# [Task requirements]
Copy out, from the data, each line containing the string "Framed".

# [Records for this task]

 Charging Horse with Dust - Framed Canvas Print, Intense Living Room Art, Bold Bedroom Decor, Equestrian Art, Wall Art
...
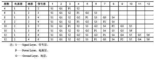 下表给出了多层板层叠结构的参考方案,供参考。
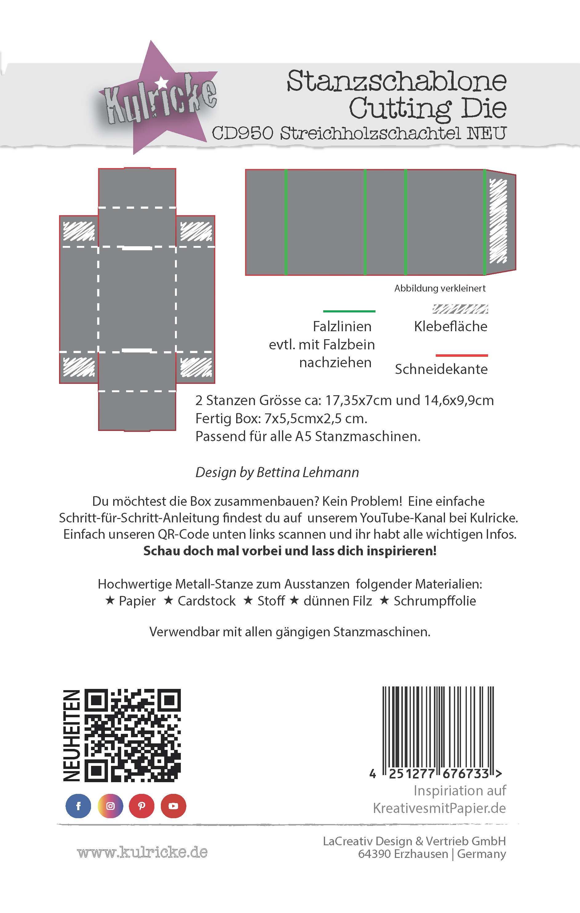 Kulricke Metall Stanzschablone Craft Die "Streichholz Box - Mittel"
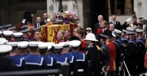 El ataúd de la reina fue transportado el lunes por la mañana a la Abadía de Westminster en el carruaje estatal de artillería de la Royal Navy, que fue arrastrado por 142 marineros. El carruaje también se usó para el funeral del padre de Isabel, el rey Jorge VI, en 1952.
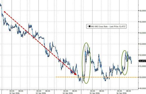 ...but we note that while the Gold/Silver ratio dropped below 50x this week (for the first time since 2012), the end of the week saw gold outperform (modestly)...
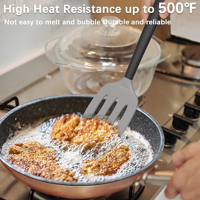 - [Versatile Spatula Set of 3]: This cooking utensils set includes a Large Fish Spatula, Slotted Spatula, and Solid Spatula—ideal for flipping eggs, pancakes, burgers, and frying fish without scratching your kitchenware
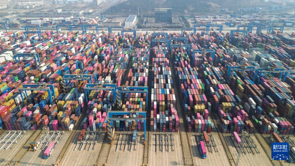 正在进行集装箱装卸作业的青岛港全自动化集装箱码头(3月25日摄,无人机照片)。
...
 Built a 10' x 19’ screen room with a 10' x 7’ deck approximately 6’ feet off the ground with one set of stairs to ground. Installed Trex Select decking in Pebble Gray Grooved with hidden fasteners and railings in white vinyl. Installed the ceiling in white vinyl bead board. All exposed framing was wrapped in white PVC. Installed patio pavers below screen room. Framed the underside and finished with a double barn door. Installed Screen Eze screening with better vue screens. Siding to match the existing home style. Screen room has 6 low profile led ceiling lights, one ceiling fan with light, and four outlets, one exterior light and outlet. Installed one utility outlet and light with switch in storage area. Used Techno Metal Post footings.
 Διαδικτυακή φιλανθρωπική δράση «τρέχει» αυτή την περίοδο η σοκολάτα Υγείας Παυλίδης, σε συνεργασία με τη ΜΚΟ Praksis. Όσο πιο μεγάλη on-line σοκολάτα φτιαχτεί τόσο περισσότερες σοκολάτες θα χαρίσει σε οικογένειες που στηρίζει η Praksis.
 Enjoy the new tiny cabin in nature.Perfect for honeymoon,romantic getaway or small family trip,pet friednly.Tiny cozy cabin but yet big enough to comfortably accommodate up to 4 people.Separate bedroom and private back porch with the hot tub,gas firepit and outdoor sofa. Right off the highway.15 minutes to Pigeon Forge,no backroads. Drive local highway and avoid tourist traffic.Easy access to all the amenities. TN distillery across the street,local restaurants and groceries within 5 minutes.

# [Exercise result]
 Charging Horse with Dust - Framed Canvas Print, Intense Living Room Art, Bold Bedroom Decor, Equestrian Art, Wall Art
 Built a 10' x 19’ screen room with a 10' x 7’ deck approximately 6’ feet off the ground with one set of stairs to ground. Installed Trex Select decking in Pebble Gray Grooved with hidden fasteners and railings in white vinyl. Installed the ceiling in white vinyl bead board. All exposed framing was wrapped in white PVC. Installed patio pavers below screen room. Framed the underside and finished with a double barn door. Installed Screen Eze screening with better vue screens. Siding to match the existing home style. Screen room has 6 low profile led ceiling lights, one ceiling fan with light, and four outlets, one exterior light and outlet. Installed one utility outlet and light with switch in storage area. Used Techno Metal Post footings.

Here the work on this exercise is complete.